Steamed Wuchang Fish
1.
Clean up the fish, cut flower knife
2.
Put the salt and thirteen incense in a bowl and stir well.
3.
Cut ginger, green onion and set aside
4.
Spread the mixed salt and thirteen incense evenly on the body of the fish, including the belly; put the ginger on the sides and belly of the fish, and put a little green onion in the belly
5.
Sprinkle cooking wine on the surface of the fish to remove the fishy smell, then wrap it in plastic wrap, marinate for 15 and 20 minutes
6.
After fifteen minutes, move the fish to another plate, pour out the excess cooking wine and oozing blood, and put it in a boiling steamer
7.
Steam the fish on high heat for ten to fifteen minutes.

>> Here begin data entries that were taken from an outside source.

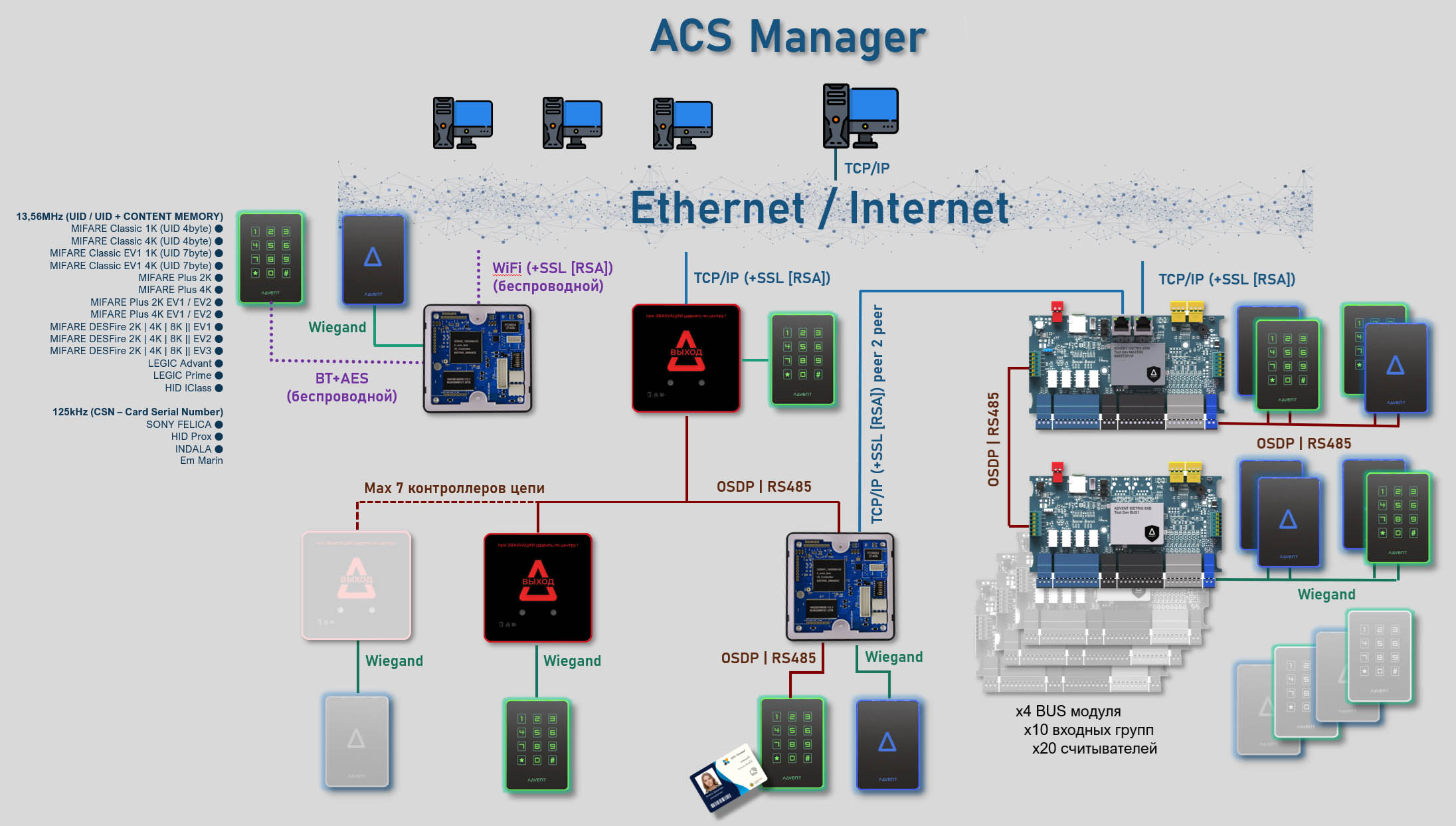 — IDETRIS 8XM *Master: (4 Считывателя / до 20 считывателей с использованием до 4 шт. 8BUS устройств расширения системы). - Три варианта использования контроллеров: Двери, Лифты, «Локеры».
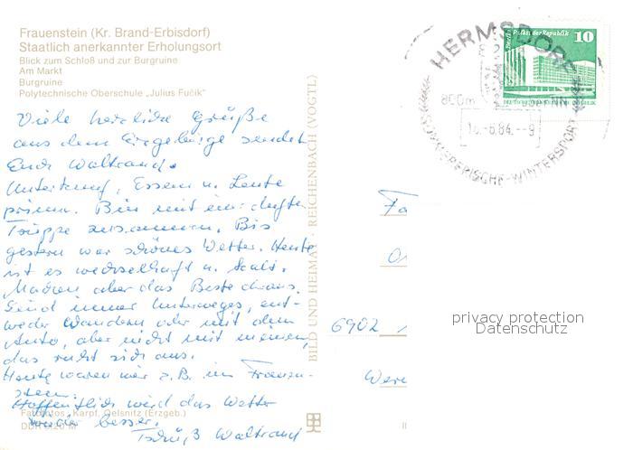 73062316 alte Postkarte Frauenstein Brand-Erbisdorf Schloss Burgruine Markt Polytechnische Oberschule Julius Fucik postalisch gelaufen Erhaltung siehe scans [FriedD77] KatCode: 11110014177030
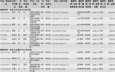 點(diǎn)擊單個(gè)學(xué)員查看頁面的相關(guān)列表,直接添加其他考務(wù)信息。張小玲是報(bào)名人力資源三級(jí)和文秘三級(jí)的學(xué)員,人力三級(jí)學(xué)習(xí)需要代辦考試。繳納人力培訓(xùn)費(fèi)3000元,文秘培訓(xùn)2000元,報(bào)名人力資源管理師考試費(fèi)500元。
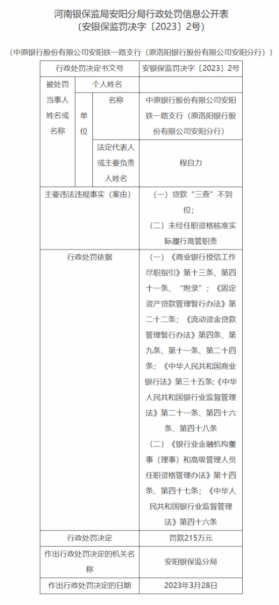 安阳银保监分局依据《商业银行授信工作尽职指引》第十三条、第四十一条、“附录”;《固定资产贷款管理暂行办法》第二十二条、《流动资金贷款管理暂行办法》第四条、第九条、第十一条、第二十四条;《中华人民共和国商业银行法》第三十五条;《中华人民共和国银行业监督管理法》第二十一条、第四十六条、第四十八条;《银行业金融机构董事(理事)和高级管理人员任职资格管理办法》第十四条、第四十七条,对中原银行股份有限公司安阳铁一路支行罚款215万元;对程自力警告。
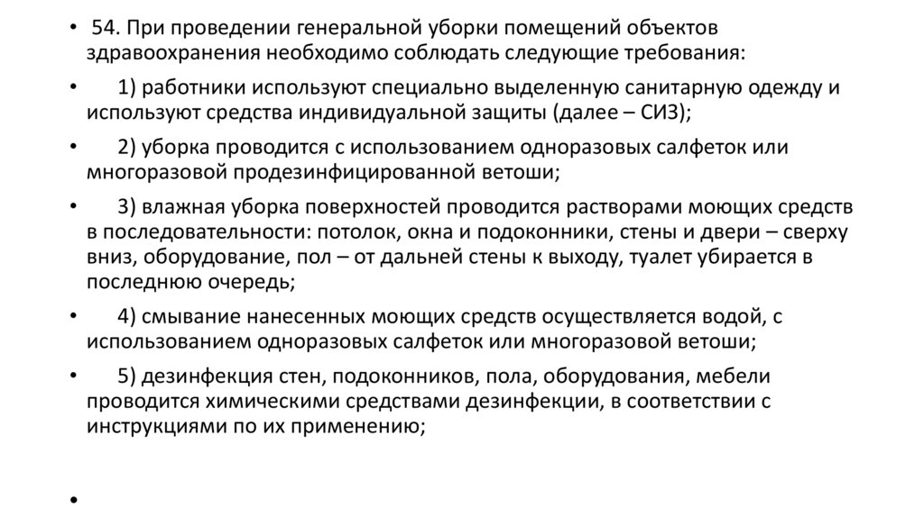 • 54. При проведении генеральной уборки помещений объектовздравоохранения необходимо соблюдать следующие требования:
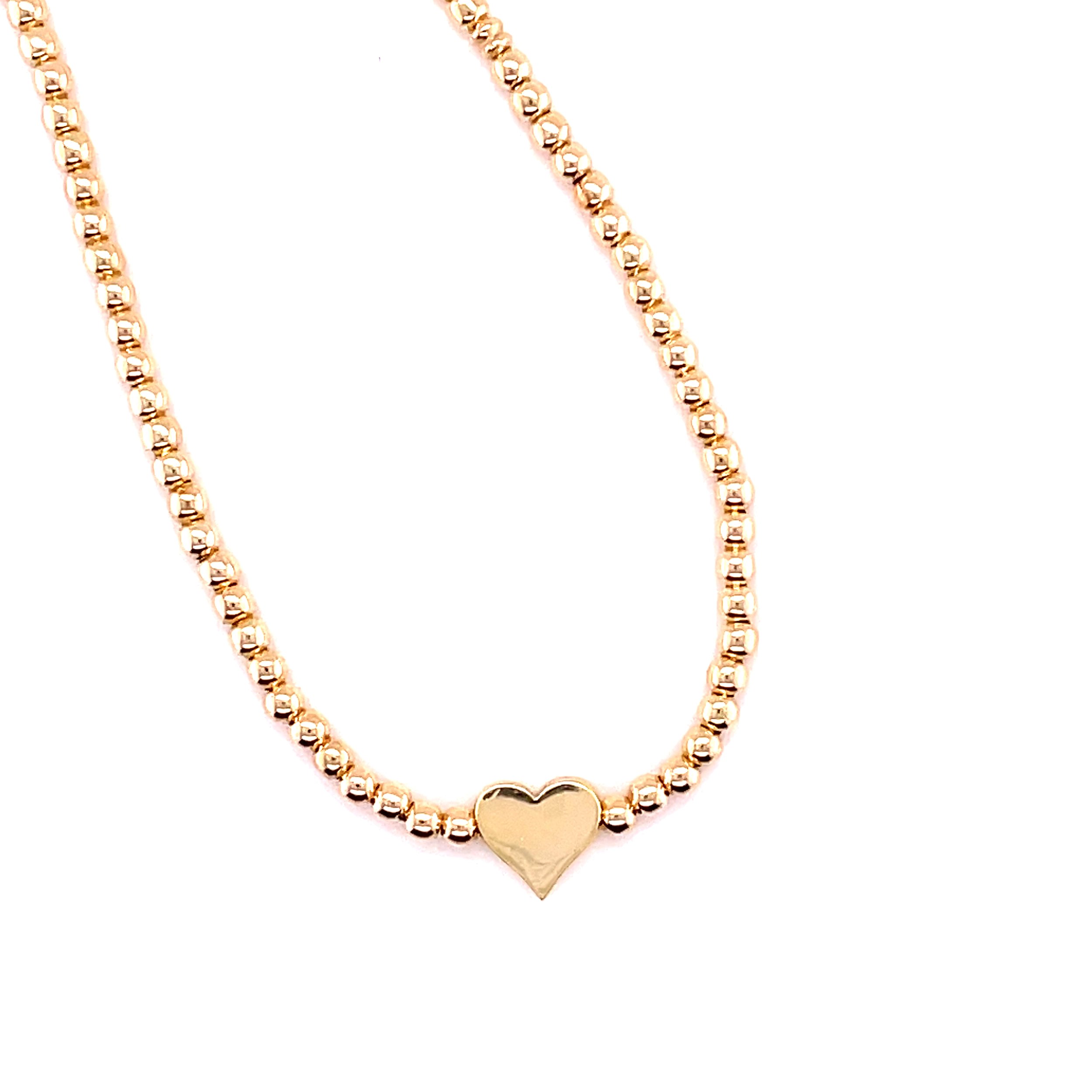 14kt Yellow Gold filled micro beads with a heart bead in the center.
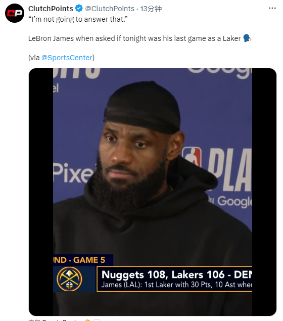 当被问到这是否是自己作为湖人球员的最后一场比赛时,詹姆斯表示:我不会回答这问题,谢谢!
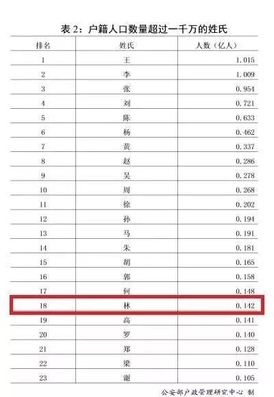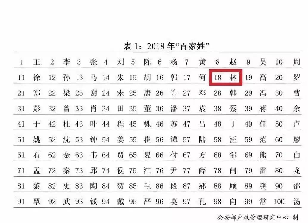 但经中国人民大学人口与发展研究中心研究表明,林氏聚集指数排名全国各大姓氏第一,远超排名第二、第三的黄氏和孙氏。
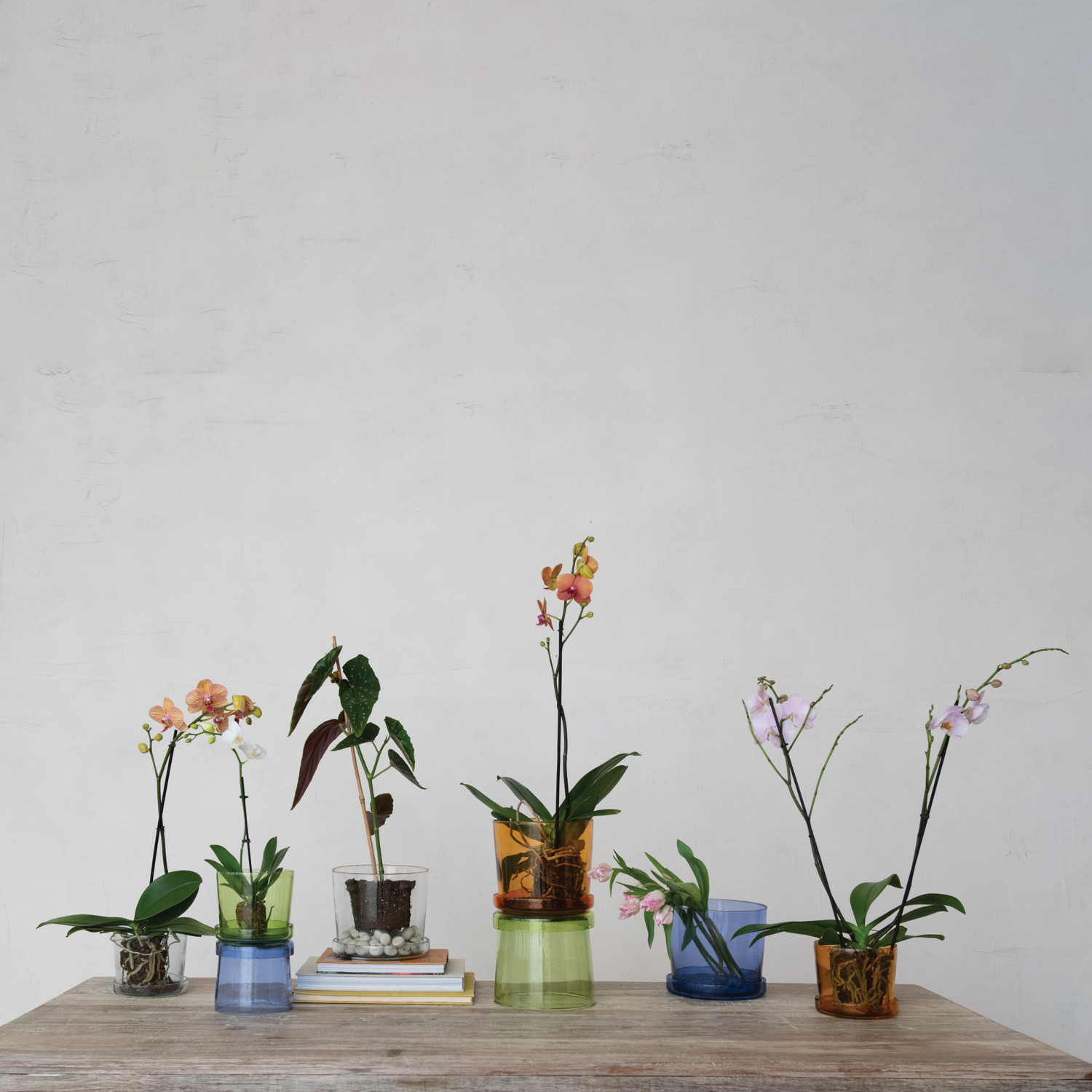 Hand-Blown Recycled Glass Planter w/ Drainage Hole & Saucer, Set of 2 (Holds 7" Pot)
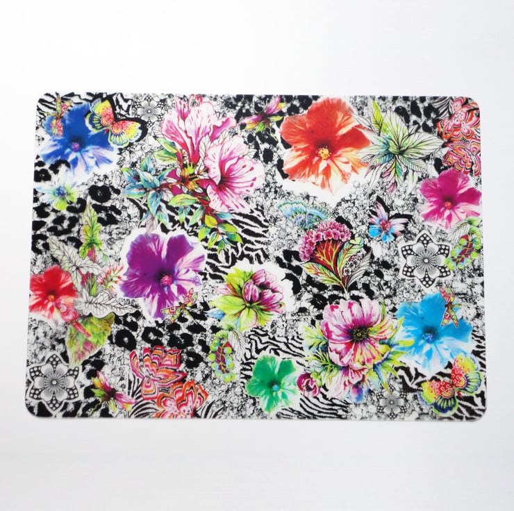 Variations of black fashionable animal skin print, form a background to the bright photographic, and hand drawn water-colour flowers. Bright patterned butterflies and dragon flies sit in the spaces between, casting black shadows on the textured ground.

Take the fish out and put it in another clean dish. Pick out the ginger on the surface.
8.
Spread the prepared shredded ginger and green onion on the surface of the fish, and pour some steamed fish soy sauce. Heat oil (a few drops of sesame oil will make it more fragrant) and pour it on top. The fragrant steamed Wuchang fish is ready. ~
Tips:
1. The fish should not be too big, otherwise it will be more troublesome to put it in the steamer, unless your steamer is big enough. 2. If you like spicy food, you can put a little dried chili on the fish before pouring the hot oil.